Lo and behold, as Fox Business reported, “The California Legislature is considering passing a bill that would temporarily grant a tax break to legal marijuana retailers in the state as they struggle to compete with a flourishing black market. Assembly Bill 286, known as the Temporary Cannabis Tax Reduction bill, would slash state excise taxes for legal marijuana retailers to 11 percent from the current 15 percent for three years. It would also end a cultivation tax altogether for growers until 2022.” Maybe there is hope for a restoration of some good, economic common sense as lawmakers trace disappointing marijuana revenues to punitive tax rates. I wouldn’t count on it, but it’s possible.

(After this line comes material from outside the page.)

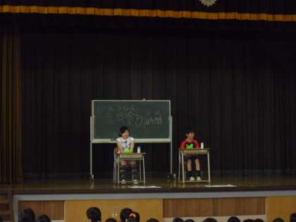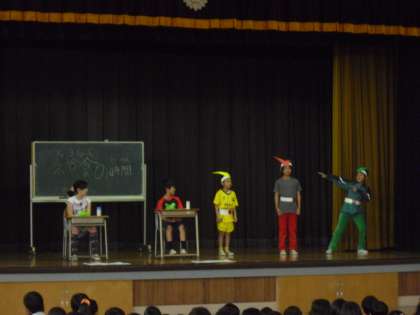 給食の時間を劇にし、メニューにだされるものに含まれている栄養について、クイズ形式にしたものでした。

Unfortunately, the union-dominated Legislature has not shown any signs yet of tackling a major problem that could threaten the state’s gig economy. In May, the California Supreme Court tossed out the long-existing standard for determining whether a company may classify its workers as contractors rather than full-time employees, in the Dynamex v. Superior Court of Los Angeles County decision.
The new presumption is that workers are employees unless the company can pass every part of a three-pronged “ABC” test: A) The company cannot be directing the worker’s performance. B) The worker must do work outside the scope of the company’s normal business. C) The worker must have made a decision to operate as an independent business. The decision’s reach still is unclear, but if the courts apply it broadly, it could harm not only tech businesses and delivery companies that are dependent on a contractor model, but established businesses such as home healthcare, barbershops, landscaping, and even strip clubs.
There has been much public discussion about Dynamex — the way it stifles business development by driving up labor costs by more than a third, how it applies a 20th century industrial model to the gig economy, and how the vast majority of contract workers prefer their current, flexible arrangement to the 9-5 full-time model. Democratic legislators largely are unmoved, but perhaps they will be persuaded by a Los Angeles Times column Tuesday by Stormy Daniels. If nothing else, her dispute with Donald Trump might encourage them to read it.
“The successful strippers I know are industrious entrepreneurs,” she wrote. “We move from club to club, going where the money is best. Many dancers are raising kids, attending school, or engaged in some other demanding pursuit, and we need to be able to work when we want, where we want, making reliable money paid at the end of each shift.”
Replace dancers with drivers or beauticians or whatnot and it’s easy to see her point. In fact, Daniels makes an excellent economic argument. What are the chances anyone in Sacramento will listen? It’s far more likely that these jobs will fade and in a few years from now, state lawmakers will be demanding an investigation into where they went.